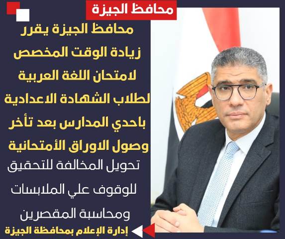 محافظ الجيزة يقرر زيادة الوقت المخصص لامتحان اللغة العربية
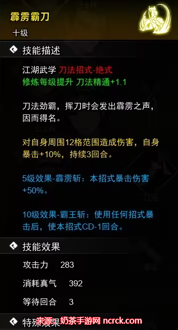 描述:对自身周围12格范围造成伤害,自身暴击率增加10%,持续3回合。
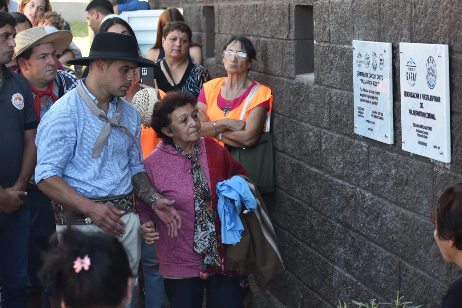 En la jornada inaugural, luego del desfile gaucho y las palabras alusivas de las autoridades, se vivió un momento de profunda emoción cuando Luisa Godoy, hermana de Raúl, en compañía del jefe comunal Gerardo Martínez, descubrió la placa que se colocó en el Polideportivo en nombre del Certamen de danza y canto «Raúl Agustín Godoy».
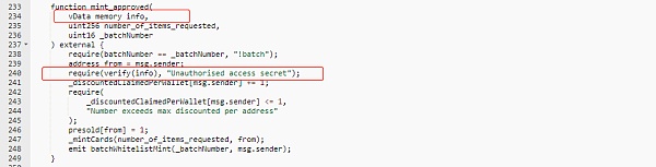 4月21日,NBA的NFT项目合约遭受攻击,攻击者利用了签名未验证,在合约代码中,vData memory参数info在传入函数中未进行验证导致签名可复用,攻击者可以通过使用其他人的签名来进行Mint,导致项目方被疯狂“薅羊毛”。

• [PROBLEM REQUIREMENTS]
Copy out the data above exactly, except the pictures.

• [EXERCISE RESULT]
 محافظ الجيزة يقرر زيادة الوقت المخصص لامتحان اللغة العربية
 描述:对自身周围12格范围造成伤害,自身暴击率增加10%,持续3回合。
 En la jornada inaugural, luego del desfile gaucho y las palabras alusivas de las autoridades, se vivió un momento de profunda emoción cuando Luisa Godoy, hermana de Raúl, en compañía del jefe comunal Gerardo Martínez, descubrió la placa que se colocó en el Polideportivo en nombre del Certamen de danza y canto «Raúl Agustín Godoy».
 4月21日,NBA的NFT项目合约遭受攻击,攻击者利用了签名未验证,在合约代码中,vData memory参数info在传入函数中未进行验证导致签名可复用,攻击者可以通过使用其他人的签名来进行Mint,导致项目方被疯狂“薅羊毛”。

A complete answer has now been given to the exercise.